| Collected material |
-=-=-
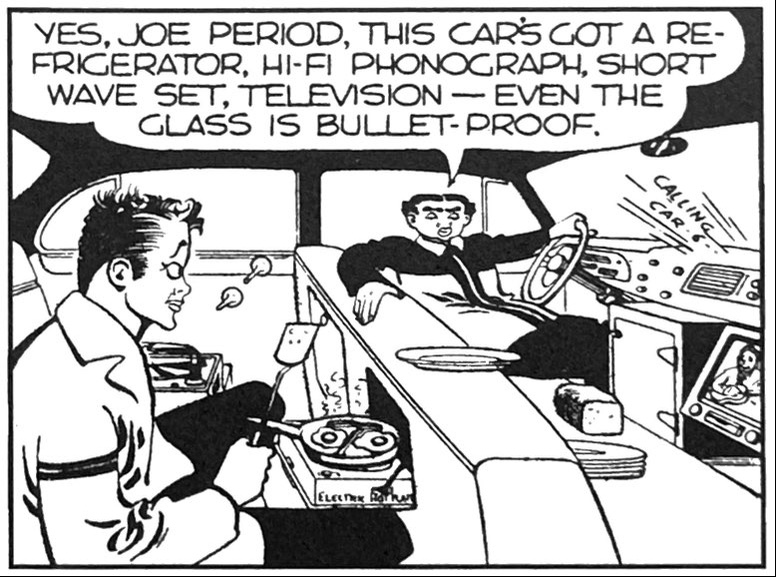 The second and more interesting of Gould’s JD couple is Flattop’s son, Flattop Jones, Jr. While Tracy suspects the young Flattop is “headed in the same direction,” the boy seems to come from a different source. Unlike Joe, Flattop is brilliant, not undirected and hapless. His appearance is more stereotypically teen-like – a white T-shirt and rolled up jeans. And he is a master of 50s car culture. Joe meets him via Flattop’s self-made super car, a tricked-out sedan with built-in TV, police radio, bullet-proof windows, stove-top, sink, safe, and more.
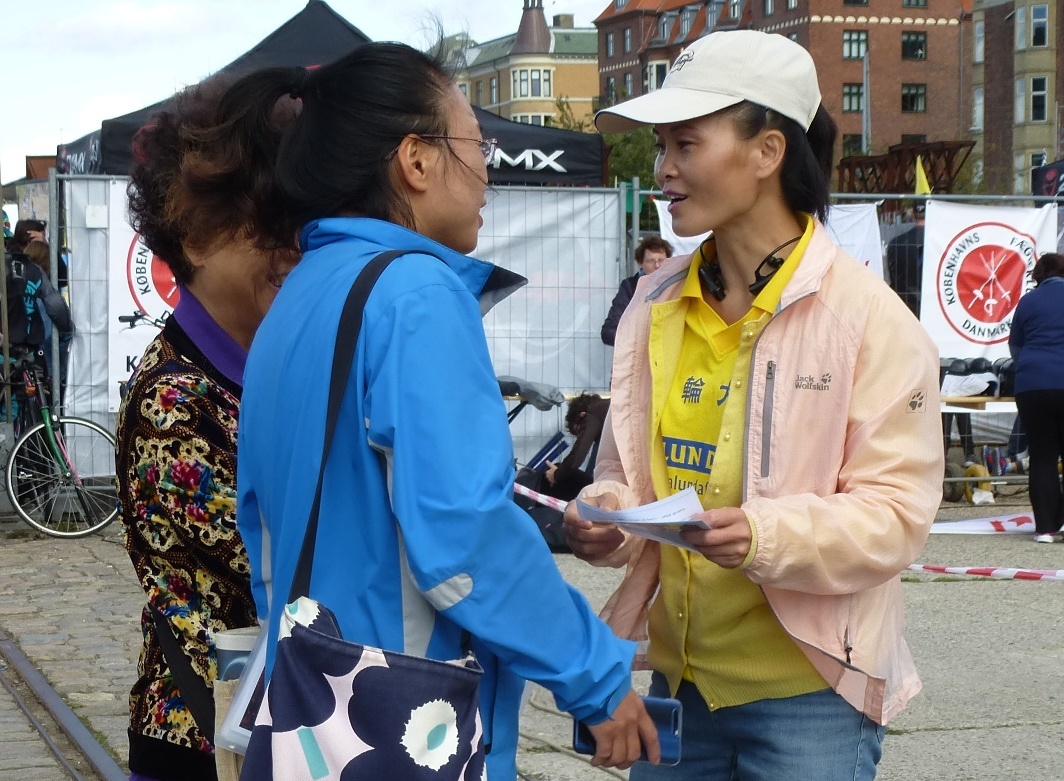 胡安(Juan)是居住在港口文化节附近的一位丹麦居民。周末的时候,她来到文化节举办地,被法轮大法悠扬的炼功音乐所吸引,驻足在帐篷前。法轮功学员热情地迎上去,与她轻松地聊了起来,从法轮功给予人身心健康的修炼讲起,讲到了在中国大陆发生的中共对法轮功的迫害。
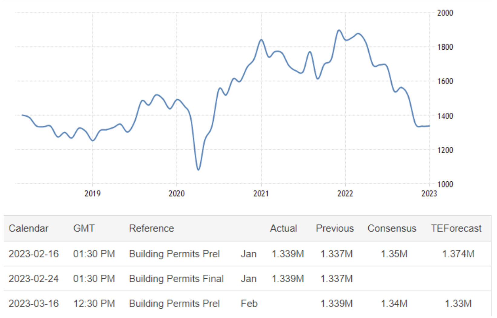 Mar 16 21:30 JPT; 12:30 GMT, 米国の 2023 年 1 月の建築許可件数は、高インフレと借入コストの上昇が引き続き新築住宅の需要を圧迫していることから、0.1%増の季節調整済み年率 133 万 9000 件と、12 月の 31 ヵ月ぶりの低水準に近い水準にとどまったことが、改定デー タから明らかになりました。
-=-=-
| Task |
Retype the data in full. Images do not go in the copy.

| Problem solution |
 The second and more interesting of Gould’s JD couple is Flattop’s son, Flattop Jones, Jr. While Tracy suspects the young Flattop is “headed in the same direction,” the boy seems to come from a different source. Unlike Joe, Flattop is brilliant, not undirected and hapless. His appearance is more stereotypically teen-like – a white T-shirt and rolled up jeans. And he is a master of 50s car culture. Joe meets him via Flattop’s self-made super car, a tricked-out sedan with built-in TV, police radio, bullet-proof windows, stove-top, sink, safe, and more.
 胡安(Juan)是居住在港口文化节附近的一位丹麦居民。周末的时候,她来到文化节举办地,被法轮大法悠扬的炼功音乐所吸引,驻足在帐篷前。法轮功学员热情地迎上去,与她轻松地聊了起来,从法轮功给予人身心健康的修炼讲起,讲到了在中国大陆发生的中共对法轮功的迫害。
 Mar 16 21:30 JPT; 12:30 GMT, 米国の 2023 年 1 月の建築許可件数は、高インフレと借入コストの上昇が引き続き新築住宅の需要を圧迫していることから、0.1%増の季節調整済み年率 133 万 9000 件と、12 月の 31 ヵ月ぶりの低水準に近い水準にとどまったことが、改定デー タから明らかになりました。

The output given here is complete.